**TASK DESCRIPTION**. The lines below, from the one holding "Рис. 3. Зоны" through the one holding "一、每年持續扶持約158位傳", are to be restated word for word, with all images left out.

**DATA IN THIS EXERCISE**.
□ □ □

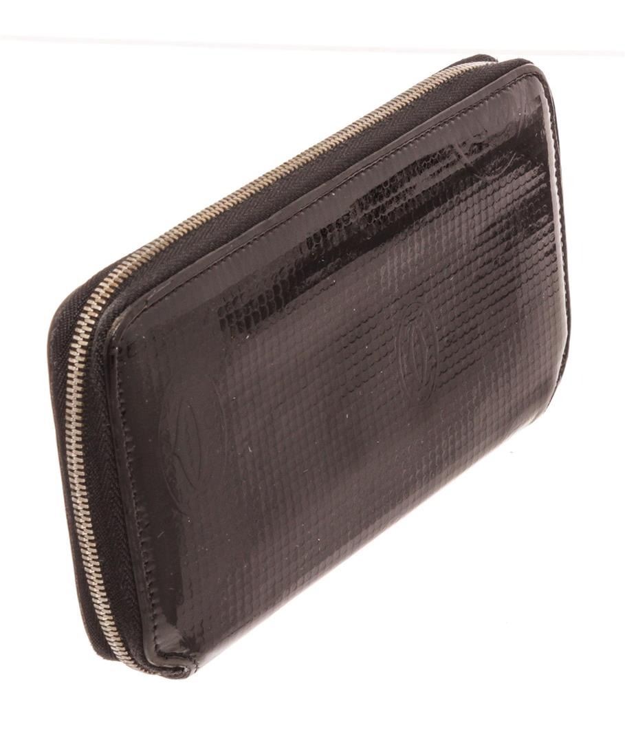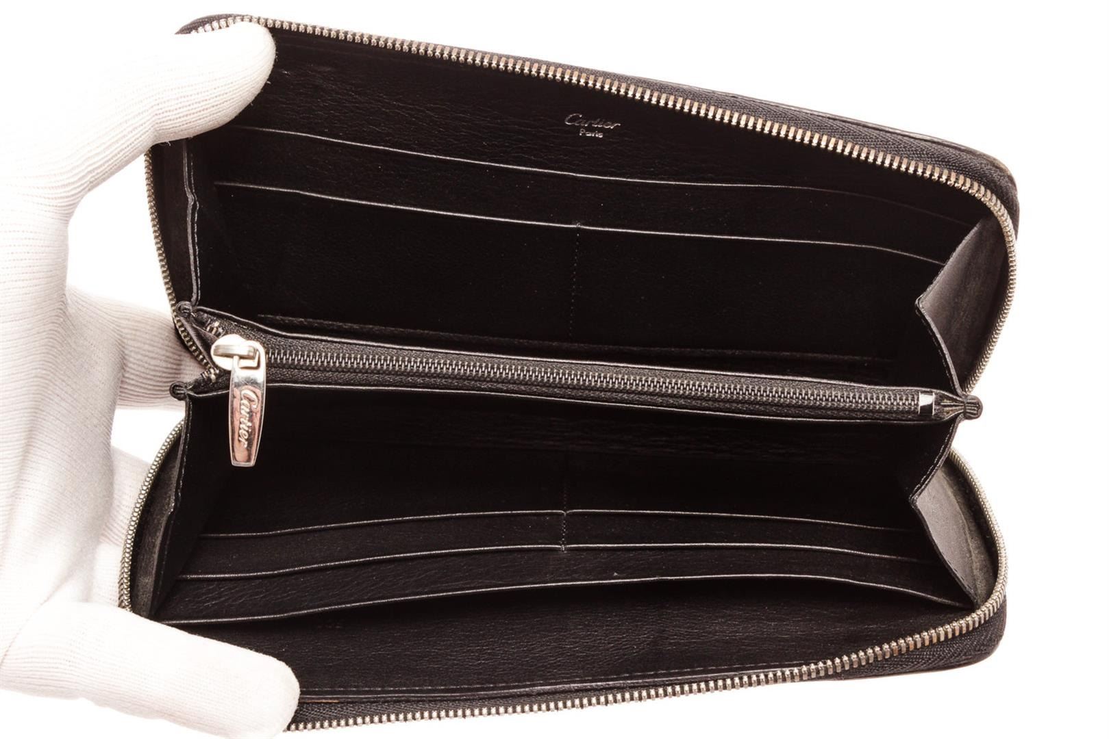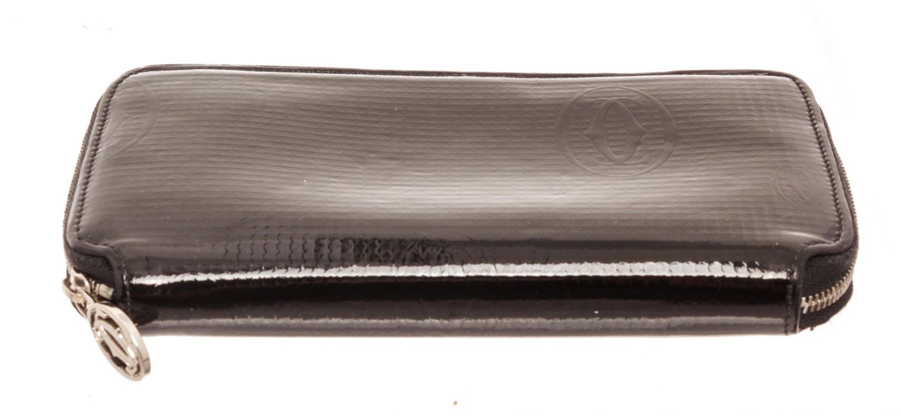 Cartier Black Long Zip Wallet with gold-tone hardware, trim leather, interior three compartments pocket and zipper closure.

□ □ □

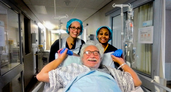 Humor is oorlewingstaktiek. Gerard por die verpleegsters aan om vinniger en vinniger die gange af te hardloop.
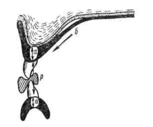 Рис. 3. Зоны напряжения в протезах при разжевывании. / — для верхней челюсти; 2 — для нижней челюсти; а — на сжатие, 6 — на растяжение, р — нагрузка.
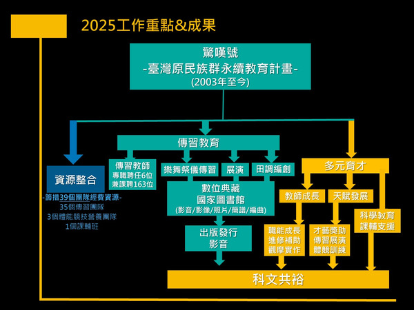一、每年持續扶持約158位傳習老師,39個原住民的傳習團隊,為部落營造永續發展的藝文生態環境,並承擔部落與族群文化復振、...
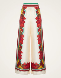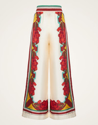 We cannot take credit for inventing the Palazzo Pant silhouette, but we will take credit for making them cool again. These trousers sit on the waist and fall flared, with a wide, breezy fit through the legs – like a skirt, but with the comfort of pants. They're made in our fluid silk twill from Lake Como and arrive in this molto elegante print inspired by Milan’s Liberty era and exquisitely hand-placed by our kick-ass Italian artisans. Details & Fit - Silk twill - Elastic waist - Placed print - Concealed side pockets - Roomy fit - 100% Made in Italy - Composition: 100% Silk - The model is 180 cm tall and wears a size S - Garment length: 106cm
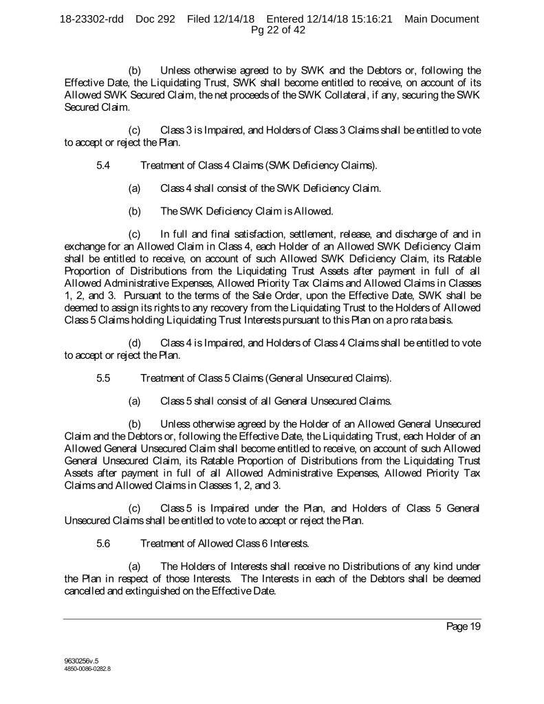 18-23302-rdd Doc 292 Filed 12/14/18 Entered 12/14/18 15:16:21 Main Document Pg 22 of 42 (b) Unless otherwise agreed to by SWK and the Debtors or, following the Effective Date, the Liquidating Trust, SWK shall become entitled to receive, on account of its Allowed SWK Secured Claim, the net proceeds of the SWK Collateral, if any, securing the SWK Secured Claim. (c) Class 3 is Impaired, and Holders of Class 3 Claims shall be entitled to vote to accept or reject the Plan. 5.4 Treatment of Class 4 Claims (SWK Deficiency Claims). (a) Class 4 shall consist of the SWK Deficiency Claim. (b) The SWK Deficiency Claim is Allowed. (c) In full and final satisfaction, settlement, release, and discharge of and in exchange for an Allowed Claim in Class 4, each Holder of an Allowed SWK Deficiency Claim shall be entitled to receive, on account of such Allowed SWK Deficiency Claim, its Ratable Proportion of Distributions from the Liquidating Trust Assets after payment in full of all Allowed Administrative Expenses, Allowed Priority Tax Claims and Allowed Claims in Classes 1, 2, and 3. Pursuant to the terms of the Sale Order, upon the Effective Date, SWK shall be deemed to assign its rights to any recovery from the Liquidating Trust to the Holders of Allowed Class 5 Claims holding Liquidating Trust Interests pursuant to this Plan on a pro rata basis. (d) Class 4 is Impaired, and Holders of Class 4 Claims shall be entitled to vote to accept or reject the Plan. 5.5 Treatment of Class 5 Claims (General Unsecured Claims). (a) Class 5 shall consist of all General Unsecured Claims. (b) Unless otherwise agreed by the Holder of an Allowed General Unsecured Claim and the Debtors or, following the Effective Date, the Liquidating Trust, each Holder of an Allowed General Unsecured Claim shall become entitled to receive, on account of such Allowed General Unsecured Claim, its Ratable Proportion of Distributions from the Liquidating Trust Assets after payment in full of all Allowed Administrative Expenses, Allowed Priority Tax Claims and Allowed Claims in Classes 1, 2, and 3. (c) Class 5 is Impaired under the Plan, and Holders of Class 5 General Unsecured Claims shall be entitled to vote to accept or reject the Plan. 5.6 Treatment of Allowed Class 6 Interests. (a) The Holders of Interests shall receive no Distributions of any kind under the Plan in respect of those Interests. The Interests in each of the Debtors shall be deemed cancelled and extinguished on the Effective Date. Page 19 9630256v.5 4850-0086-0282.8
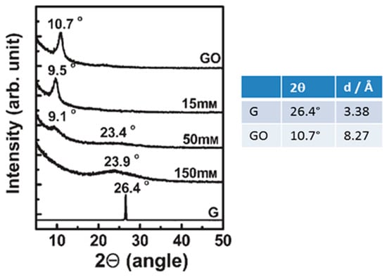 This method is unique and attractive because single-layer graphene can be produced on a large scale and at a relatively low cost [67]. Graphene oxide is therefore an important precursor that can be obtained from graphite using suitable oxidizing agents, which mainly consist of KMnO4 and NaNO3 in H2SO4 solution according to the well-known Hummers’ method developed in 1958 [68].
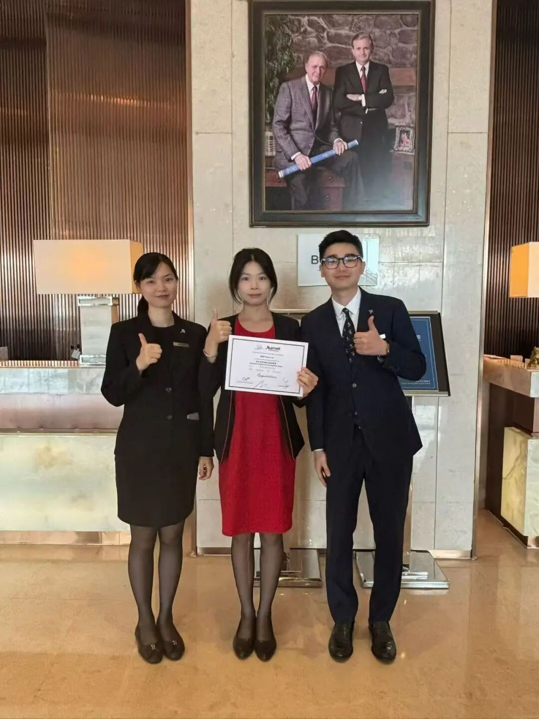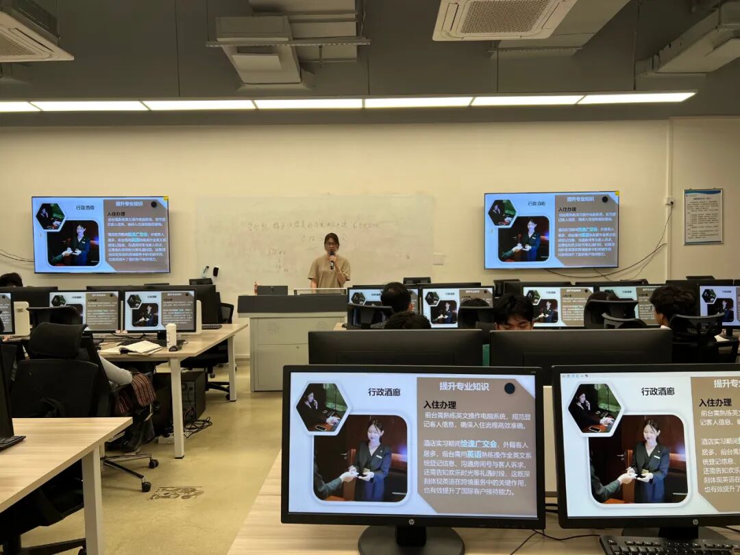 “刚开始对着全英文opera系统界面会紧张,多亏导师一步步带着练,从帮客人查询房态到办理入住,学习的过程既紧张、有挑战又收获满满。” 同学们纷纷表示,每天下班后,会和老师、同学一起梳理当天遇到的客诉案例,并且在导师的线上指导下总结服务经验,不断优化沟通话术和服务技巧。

□ □ □

**ANSWER SPACE**.
 Рис. 3. Зоны напряжения в протезах при разжевывании. / — для верхней челюсти; 2 — для нижней челюсти; а — на сжатие, 6 — на растяжение, р — нагрузка.
一、每年持續扶持約158位傳習老師,39個原住民的傳習團隊,為部落營造永續發展的藝文生態環境,並承擔部落與族群文化復振、...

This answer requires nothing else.